Promoting quality, preventing fistula – prevention is the best medicine when it comes to fistula. Each new case should, and can, be prevented when women get timely high-quality maternity care, including skilled birth attendance, midwifery care and emergency obstetric care.
Nigeria’s health Minister, Prof. Isaac Adewole performing a fistula surgery
Commendably, UNFPA is addressing fistula prevention (as well as prevention of maternal & new-born mortality and morbidity and stillbirth) through its global midwifery programme, which is active in over 120 countries, as well as through its Emergency Obstetric and Newborn Care programming.
To end fistula, the world, especially developing countries, must ensure universal access to quality sexual and reproductive health services, eliminate gender-based social and economic inequities, prevent child marriage and early childbearing, promote education and broader human rights and foster community participation in finding solutions. This requires the active involvement of men as well as seeking the help of fistula survivors as advocates. Ensuring access to fistula treatment (surgical repair) for all women and girls is also a key strategy for eliminating it.
Every fistula-affected nation should develop an inclusive costed, time-bound national strategy and action plan to end fistula within a generation, as part of an overall strategy to ensure universal access to quality sexual and reproductive health and rights and as a key element of achieving the SDGs.
Countries are also encouraged to form a national task force on fistula (led by the Ministry of Health/government) to bring together all key stakeholders to develop and implement this critical strategy and action plan. The global community needs to significantly intensify support to nations with the greatest need.
Every fistula-affected nation is strongly encouraged to systematically register and track each woman and girl who has or has previously had a fistula. Many of those who developed a fistula during delivery remain untreated and many who have received surgical treatments do not receive the necessary medical and psychosocial follow-up, which puts them at risk in subsequent pregnancies.

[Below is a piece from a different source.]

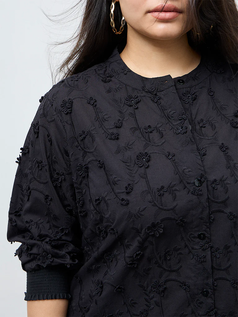 This black tunic from Diza features tonal floral embroidery adds gentle character to the design. Styled with a round neck, button-up front and peasant, it is spun from a soft, breathable fabric that ensures lasting comfort through the day. This is a graceful option that pairs well with both tailored bottoms and easy casual separates.

Systematically registering and tracking each woman and girl who has, or has previously had, a fistula helps to ensure, not only their long-term well-being, but also theirs and their babies’ survival in all subsequent pregnancies.
Community health workers equipped with simple, yet powerful, technologies, such as mobile phones, can play a vital role in these tracking initiatives.

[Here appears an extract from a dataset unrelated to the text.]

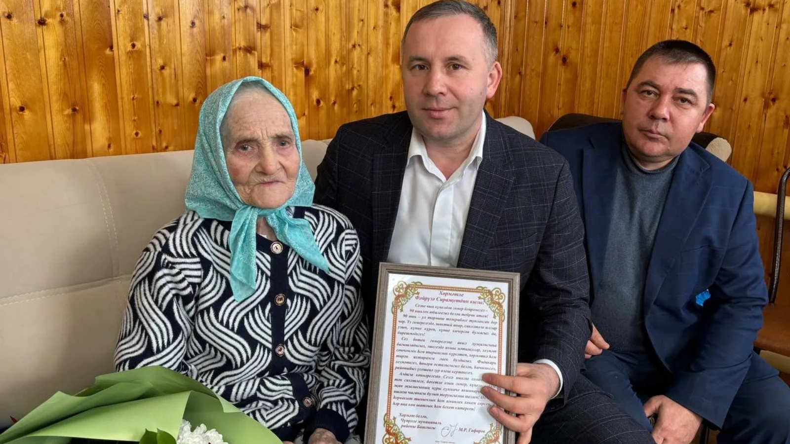 90-летним юбилеем Фейрузю Сиразетдиновну Ибрагимову жителя с.Мочалей поздравили Заместитель руководителя исполкома Ильмир Измайлов и глава Матакского поселения Владимир Шумилов вручили имениннице поздравление главы Дрожжановского муниципального района М.Р.Гафарова.

Harnessing the power and potential of technology will be a game changer to end fistula. Technology, such as mobile phones, enables us to connect and accelerate the spread of information about preventing and treating obstetric fistula. A film released on the International Day to End Obstetric Fistula 2014 from UNFPA/Tanzania highlights the vital role that technology plays in helping end fistula.

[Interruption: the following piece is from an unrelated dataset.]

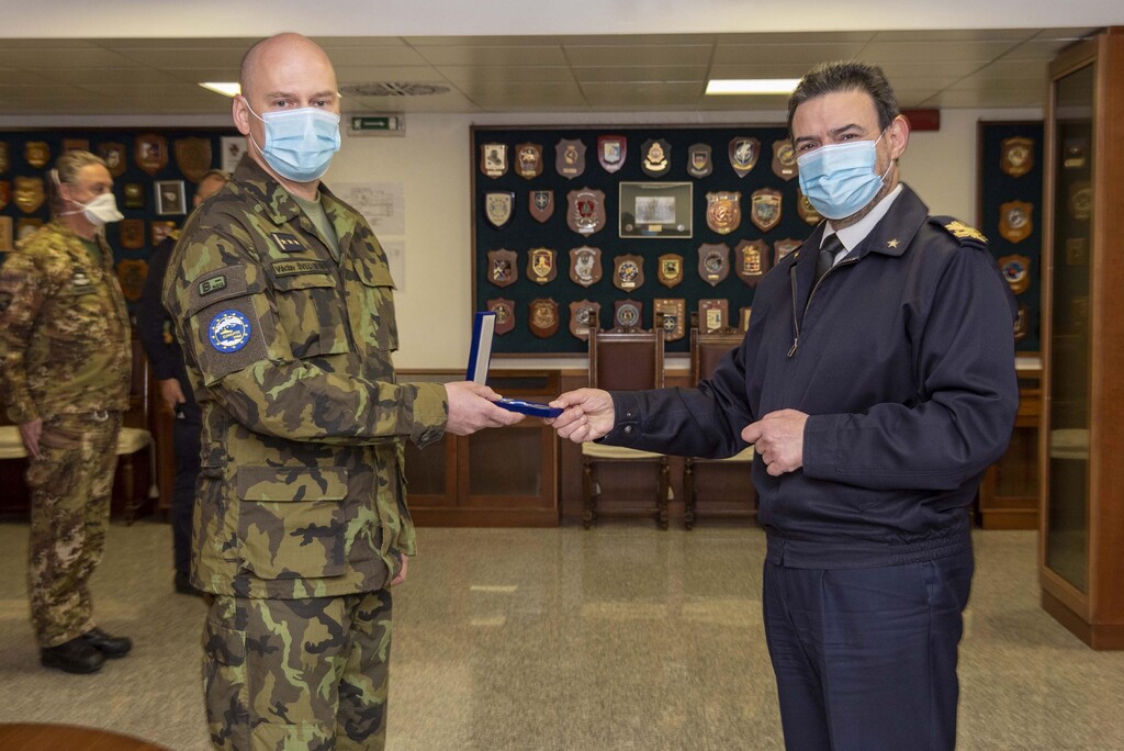 Na snímku uděluje velitel operace Rear Admiral Fabio Agostini medaili veliteli 10. skupiny EUNAVFOR MED plukovníku gšt. Václavu Švecovi.

It is believed that if more like-minded organizations and well-to-do individuals join UNFPA in the fight against fistula, the condition would be sooner than expected become a history, globally.
UNFPA currently leads and coordinates the Campaign to End Fistula – representing nearly 100 partner agencies at the global level and hundreds of others at the national and community levels. Over the last 15 years,
UNFPA has directly supported more than 100,000 surgical repairs for women and girls, with more than 18,000 surgeries in 2017 alone. Partners have supported thousands more. The Campaign is present in more than 50 countries in Africa, Asia, the Arab Region and Latin America.
In 2017, in recognition of its exemplary global leadership and advocacy towards ending this preventable and largely treatable health and human rights tragedy, UNFPA’s Campaign to End Fistula was honoured to receive the Women’s Empowerment Award from the UNFCU Foundation.
An independent evaluation has reported that the Campaign to End Fistula has enhanced the visibility and knowledge of fistula worldwide. Yet, it is critically under-funded and needs far more financial and human resources to achieve its goal.”